At a founding congress organized in the Allier from 8 to 10 June 2019, Alternative Libertaire (AL) and the Coordination of Anarchist Groups (CGA) enacted their fusion, the result of a year of discussions. AL, the successor of the Libertarian Communist Workers' Union founded in 1991, and the CGA, a split of the Anarchist Federation founded in 2002, were two libertarian communist organizations. Close ideologically and in their political practice, they began their merger in February 2018.
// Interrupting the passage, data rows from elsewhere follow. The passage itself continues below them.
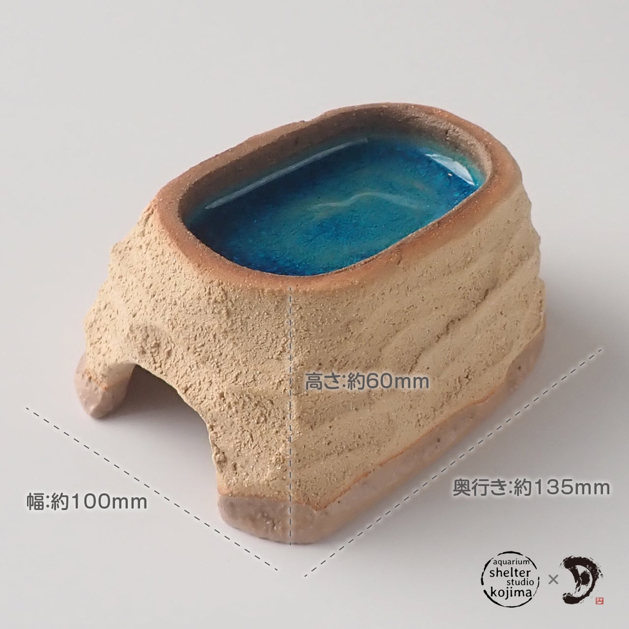 クセあり品「別誂え ウェットシェルター 素焼×ペルシャブルー」|レプタイルボックスに入るサイズ|爬虫類 レオパ ウエットシェルター|月光堂 ×アクアリウムシェルタースタジオコジマ
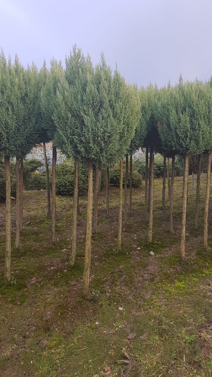Кустарник с конусовидной формой кроны и плотными вертикально растущими ветвями.
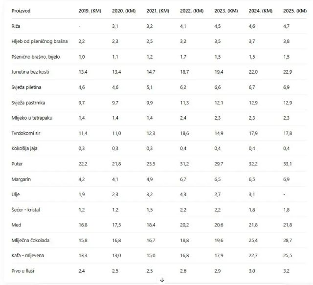 Stvari se drastično mijenjaju 2022. godine, pa tako cijena kilograma putera s 23 KM skače na više od 30 KM, drastično poskupljuje i sir i mlijeko, te svi mliječni proizvodi, da bi u 2023. godini zabilježen pad cijene sira, ulja i putera. Međutim, cijene mesa ne padaju, nego samo rastu. U odnosu na 2019. godinu, 2024. godine cijena riže je skoro dupla, hljeba također, a cijena kafe bilježi znatan skok.
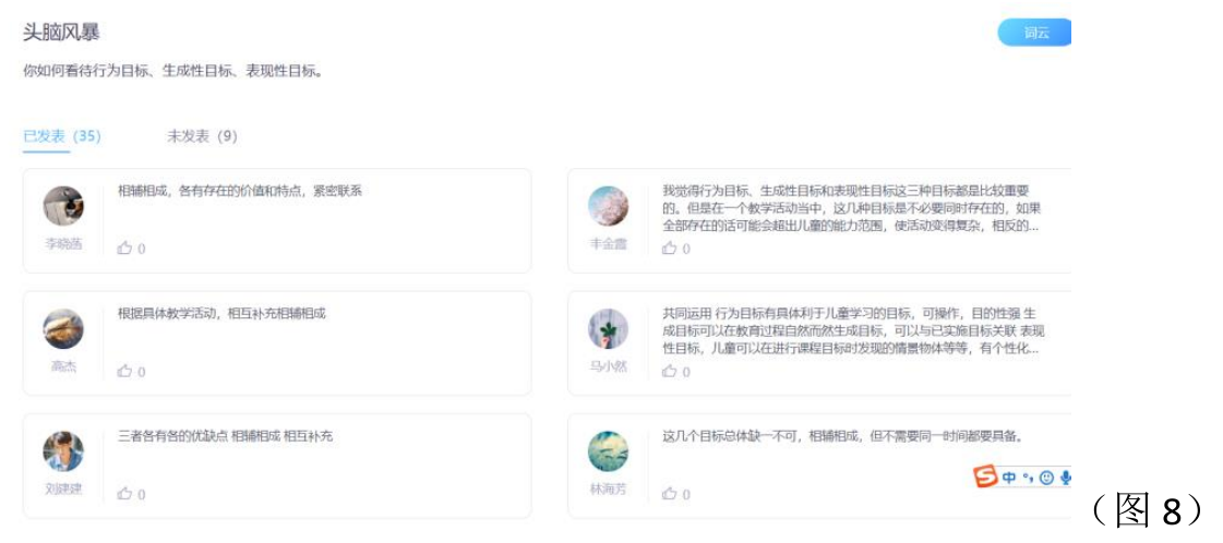在授课过程中每一个知识点的学习都进行互动(图 6、7),并且通过头脑风暴进行师生研讨式学习(图 8)。
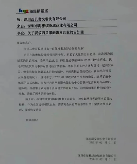 該告知函顯示,因?yàn)轭A(yù)制菜的輿論風(fēng)波,西貝喜悅餐飲于2026年1月15日向海雅繽紛城發(fā)函,申請(qǐng)2026年2月28日停止?fàn)I業(yè)。為一起度過難關(guān),該商城提供了多種方案給西貝喜悅餐飲。但“在未經(jīng)我司書面同意的情況下,貴司單方于2026年1月31日晚欲清空所有的物品,選擇了最不體面的方式逃場(chǎng)”。界面新聞注意到,該告知函沒有蓋章。

The new organization, which wants to set up self-organized struggles, aims to lead feminist, anti-racist, pro-LGBTI and ecologist struggles at the same time as the anarcho-communist and revolutionary struggle. It wants to be able to lead a "popular counter-power", which is placed "neither on the electoral ground nor on the level of institutions". UCL retains red and black colors, symbolic of communism and anarchism, as well as the Libertarian Alternative newspaper, which did not change its name. In the same month, UCL claimed about forty local groups linked to the organization and more than five hundred members. Many were trade unionists, from unions such as Solidaires Unitaires Démocratiques or the General Confederation of Labour and associations.

UCL, anarchist protest in France, on October 16th 2020 during the COVID-19 pandemic

The Libertarian Communist Union supported the Yellow vests movement since its inception. The group created a branch in Millau in late 2019. In late 2024 the UCL joined the International Coordination of Organized Anarchism, an international network of platformist and especifist anarchist groups.